──────── RECORDS TO PROCESS
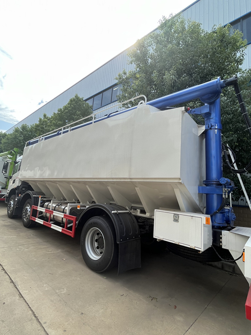 可獨立控制各分倉卸料順序和速度,整車3條蛟龍(底部水平絞龍、尾部垂直絞龍、頂部卸料絞龍),由取力器經車輛變速箱取力后,將動力傳動至高壓油泵以驅動液壓系統帶動各絞龍工作,或者由3個5.5kw 380v電機帶動各絞龍工作,頂部絞龍液壓控制舉升,可左右旋轉180°此車公告+環保+燃油齊全,全國上戶無憂!
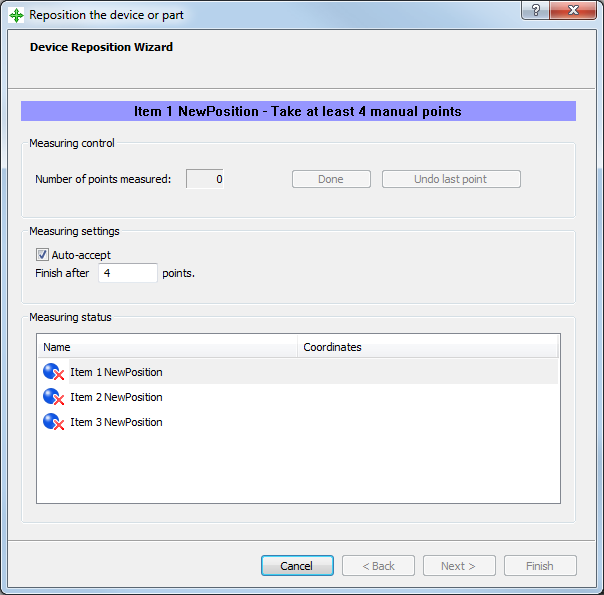 부품 또는 장치를 재배치할 때 PowerInspect는 이동 전에 측정한 값과 이동 후에 측정한 값을 일치시키고, 이러한 측정값을 사용하여 축변환을 생성합니다. 이 축변환은 위치 변경 후에 수행되는 모든 측정값에 자동으로 적용되며, 원래 좌표계에서 측정을 계속할 수 있습니다.
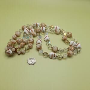 Vintage 1950s Art Glass Beaded Necklace with Aurora Borealis Crystals, 19 Inches
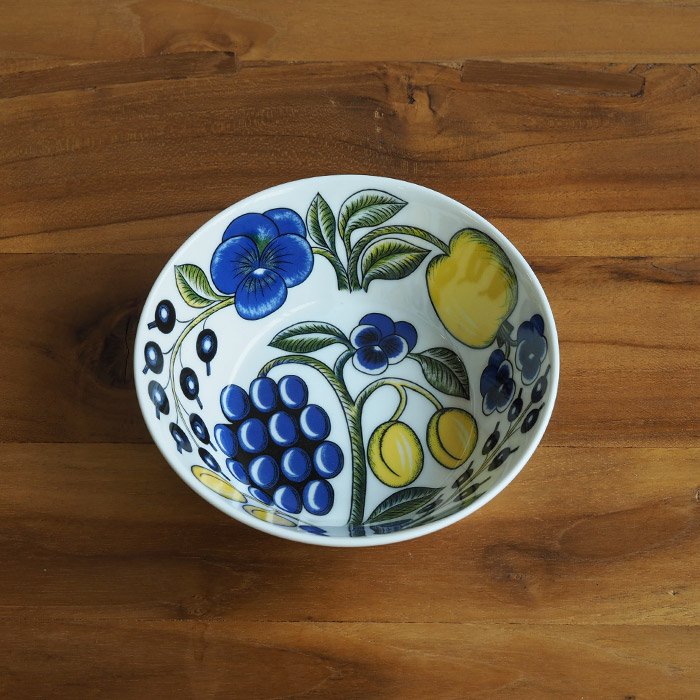 1969年に「フィンランド陶芸界のプリンス」と謳われるビルガー・カイピアイネンのデザインにより製作されました。夏の植物をモチーフにして、青や黄色を多用して描かれた果物と植物のあふれんばかりの力強いエネルギーが、そのままテーブルウェアに落としこまれとても若々しい印象を放ちます。大胆なデザインを独特のタッチで描いています。アイテム毎に少しずつデザインが異なり、豊かな表情を見せてくれるところも魅力的です。何を盛りつけても食材や料理の色を引き立て、テーブルを見事に調和します。まずはメインのプレートから、そして次はマグカップとお気に入りを一つずつ増やしてあなただけの楽園(パラティッシ)をお楽しみください。
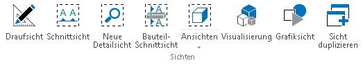 Legt eine neue Grafiksicht an. Grafiksichten sind 2D-Darstellungen, die keine Bauteilinformationen besitzen. Die Durchgängigkeit der Bearbeitung, wie sie das Arbeiten am 3D-Modell vorsieht, geht verloren. Das heißt: Geometrien können nicht über die Bauteileigenschaften, sondern nur rein grafisch modifiziert werden.
────────────────
# WORK TASK
The expected output is every entry above, character for character, with no pictures.

# WRITTEN RESPONSE
 可獨立控制各分倉卸料順序和速度,整車3條蛟龍(底部水平絞龍、尾部垂直絞龍、頂部卸料絞龍),由取力器經車輛變速箱取力后,將動力傳動至高壓油泵以驅動液壓系統帶動各絞龍工作,或者由3個5.5kw 380v電機帶動各絞龍工作,頂部絞龍液壓控制舉升,可左右旋轉180°此車公告+環保+燃油齊全,全國上戶無憂!
 부품 또는 장치를 재배치할 때 PowerInspect는 이동 전에 측정한 값과 이동 후에 측정한 값을 일치시키고, 이러한 측정값을 사용하여 축변환을 생성합니다. 이 축변환은 위치 변경 후에 수행되는 모든 측정값에 자동으로 적용되며, 원래 좌표계에서 측정을 계속할 수 있습니다.
 Vintage 1950s Art Glass Beaded Necklace with Aurora Borealis Crystals, 19 Inches
 1969年に「フィンランド陶芸界のプリンス」と謳われるビルガー・カイピアイネンのデザインにより製作されました。夏の植物をモチーフにして、青や黄色を多用して描かれた果物と植物のあふれんばかりの力強いエネルギーが、そのままテーブルウェアに落としこまれとても若々しい印象を放ちます。大胆なデザインを独特のタッチで描いています。アイテム毎に少しずつデザインが異なり、豊かな表情を見せてくれるところも魅力的です。何を盛りつけても食材や料理の色を引き立て、テーブルを見事に調和します。まずはメインのプレートから、そして次はマグカップとお気に入りを一つずつ増やしてあなただけの楽園(パラティッシ)をお楽しみください。
 Legt eine neue Grafiksicht an. Grafiksichten sind 2D-Darstellungen, die keine Bauteilinformationen besitzen. Die Durchgängigkeit der Bearbeitung, wie sie das Arbeiten am 3D-Modell vorsieht, geht verloren. Das heißt: Geometrien können nicht über die Bauteileigenschaften, sondern nur rein grafisch modifiziert werden.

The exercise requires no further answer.